В видеоконференции участвуют только члены Комиссии. Они знают больше остальных. Они самые лучшие. Роль играет не стаж, а умения. В любой миг возможна ротация, поэтому каждая жаждет взять на себя больше и сделать лучше. Сделать даже то, что в обычной жизни считает неприемлемым. И соблюсти установленный Чарли принцип трех К.
– Марго, Роза объявилась?
Первая, которую назвали Марго, согласно опускает глаза:
– Только что.
– – – – – – -
– Ты развелся? – в трубке слышна радость. – Значит…
– Откуда? – цедит мужчина. Он недоуменно кривится. Нога на ногу. Дым в сторону краем рта. Пепел в пепельницу, очень осторожно – он все же не дома.
Ох уж эти бабы. Владимир Терентьевич недоволен. Роза, конечно, хороша, но у него на уме другое.
– Школьная подруга в ЗАГСе, – открывает она карты.
– И ты ей?!..
– Но ты же…
Опять впереди паровоза. Почему женщины всегда так?
Он молчит.
– Я думала…
– Не давал повода.
– Зачем же?
– Превентивные меры, – кисло усмехается Владимир Терентьевич. Привычным движением он достает из кармана флакончик со спреем и поочередно прыскает в обе ноздри – с заложенным носом разговаривать трудно, и выглядит такой разговор несолидно. А с дамочками вроде Розы нужно быть твердым. Продышавшись, он продолжает тем же деловым тоном: – Доброжелатели позвонили, и пришлось. Это как бы не всерьез.
– Как бы или действительно не всерьез?
Владимир Терентьевич не удостаивает ее ответа.
Только что он сделал большое дело. Сам не ожидал, что решится. Решился. Потому что только так он построит новое лучшее будущее.
Роза вздыхает. Говорит с бархатным придыханием:
– У тебя проблемы?
– Уже не у меня. – Он снисходит до нежности. – Прости, рыбка, мне сейчас некогда. Прощай.
Владимир Терентьевич говорит тихо, поскольку не один.
– – – – – – -
– Что у Розы?
– Не успели, – отвечает первая.
– В каком смысле? – не понимают остальные.
– Он уже разводится. Правильнее сказать в прошедшем времени – развелся. Вчера. Срочно. Приплатил сотрудникам ЗАГСа за скорость.
– Обидно, – бурчит под нос третья. – А что со вторым?

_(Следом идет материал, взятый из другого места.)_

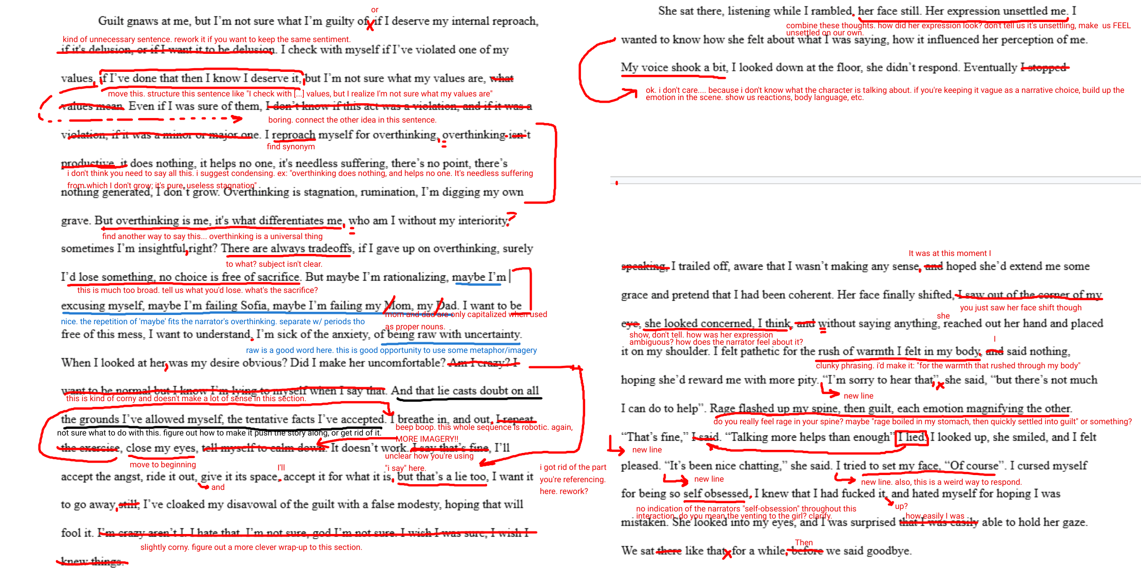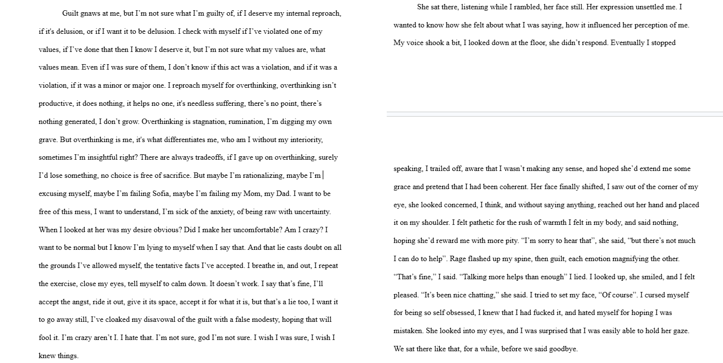 I'm a native English speaker and write on vibes so I have no idea what grammar rules if any were broken. Either way I'm trying to capture an anxious stream of consciousness where thoughts often bleed into incoherence/grammatical incorrectness.
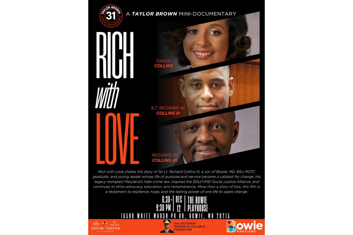 The City of Bowie, in partnership with the Bowie State University/University of Maryland Social Justice Alliance, invites you to a screening of Rich With Love, a moving mini-documentary honoring the life and legacy of 1LT Richard W. Collins III, a Bowie State University ROTC graduate who was tragically killed in a racially motivated hate crime on the University of Maryland campus in 2017, just three days before his college graduation.
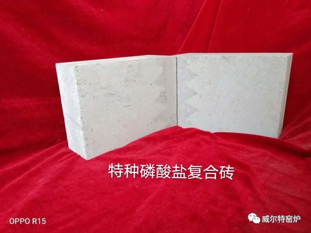 復合改性磷酸鹽磚內襯采用干砌,環砌法(或者濕砌筑法),磚與磚之間的放射縫中夾入薄鋼板δ=1mm,每2環加1mm厚紙板膨脹縫,磚環應相互平行并同軸向中心線垂直,由于鎂鋁尖晶石磚怕水,故加工鎂鋁尖晶石磚時采用特殊鋸片進行干切;靠窯體砌高鋁磚時,高鋁磚下部凹槽處放置硅酸鋁纖維氈,起到降低窯溫的作用,高鋁磚采用濕砌環砌法,砌筑時磚應緊靠窯體,其間縫隙不應大于1mm 。
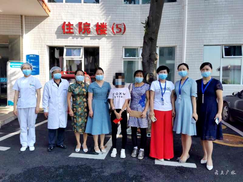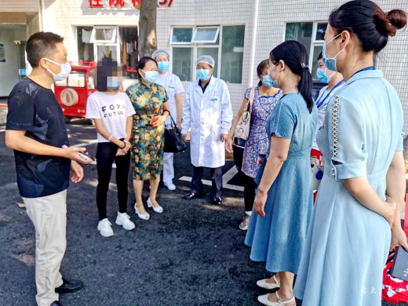 8月13日,在广水市第二人民医院感染性疾病科住院楼前,广水市一中、武胜关镇中心中学、广水市二医院等单位相关负责人看望了感染结核住院的广水市一中高二学生方同学,并送去爱心捐款。

– У Лизы не было возможности. Клянется, что завтра.
– Последний срок.
– Может, кто-то другой возьмется? – третья до хруста потягивается, ее и без того антигравитационные достоинства выпячиваются… Таким способом она привычно издевается над древними, с ее точки зрения, старухами, которым с разной скоростью летят четвертые, а то и пятые десятки. – Сколько можно ждать? Пора перепоручать.
Марго сообщает:
– Чарли в этом направлении ведет кое-что параллельно.

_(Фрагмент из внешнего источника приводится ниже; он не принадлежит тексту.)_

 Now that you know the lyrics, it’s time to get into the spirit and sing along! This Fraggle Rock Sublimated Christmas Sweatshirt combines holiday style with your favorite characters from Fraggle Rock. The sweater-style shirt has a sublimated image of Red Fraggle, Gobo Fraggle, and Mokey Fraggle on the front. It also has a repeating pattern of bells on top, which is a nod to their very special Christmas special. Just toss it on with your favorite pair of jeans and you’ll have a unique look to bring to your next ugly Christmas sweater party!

Это всех успокаивает. Чарли – это да. У Чарли все под контролем.
Их Комиссия – это как бы «Ангелы Чарли» из старенького боевичка, потому и основателя прозвали именно Чарли, так само получилось. А уж ангелы или демоны – это кому как. Себя они ангелами не считали.
– – – – – – -
Чем метеорит отличается от метеора? Тем, что второй еще летит.
Алекс прилетел быстро. Звонок по домофону, пять секунд на три пролета, приближающийся звук шагов на площадке… Дверь уже открыта.
– Рассказывай.
Метеорит.
Кирилл не утаил ничего. Заснеженные шапка, теплая куртка и ботинки Алекса остаются в прихожей.
– Понятно. – Он сосредоточен. – На кого думаешь?
Пожатие плеч. Если бы. Тогда Кирилл не спал бы дома, а действовал.
– Понятно, – повторяет Алекс. Его уверенное спокойствие постепенно передается Кириллу. – Давай по порядку. Кто мог забрать из садика?
– Я. Кристина. Больше никто.
– Алена?
Кирилл хмурится:
– Могла. В смысле, что с ней Павлик тоже пошел бы. Больше ни с кем. Но Алене ребенка бы не отдали, в садике строгие правила.
– Кристине сообщил?
– Нет. Никому.
– Кристина не могла забрать, а тебе не сказать?
– Она звонила всего за пять минут до того, как я пошел за Павликом. Слезно уверяла, что не успевает. Розыгрыш не в ее стиле. Она знает, что за такой розыгрыш я ее прокляну и придушу. Нет, это точно не она.
На улице грохочут ночные работы по благоустройству. Бьет по ушам перекрикивание водителей снегоуборщика и самосвала. Крепкие выражения на весь двор. Ночью слышно ого. Алекс морщится.
– Дедушки-бабушки-родственники? – вопросительно ползет вверх одна его бровь.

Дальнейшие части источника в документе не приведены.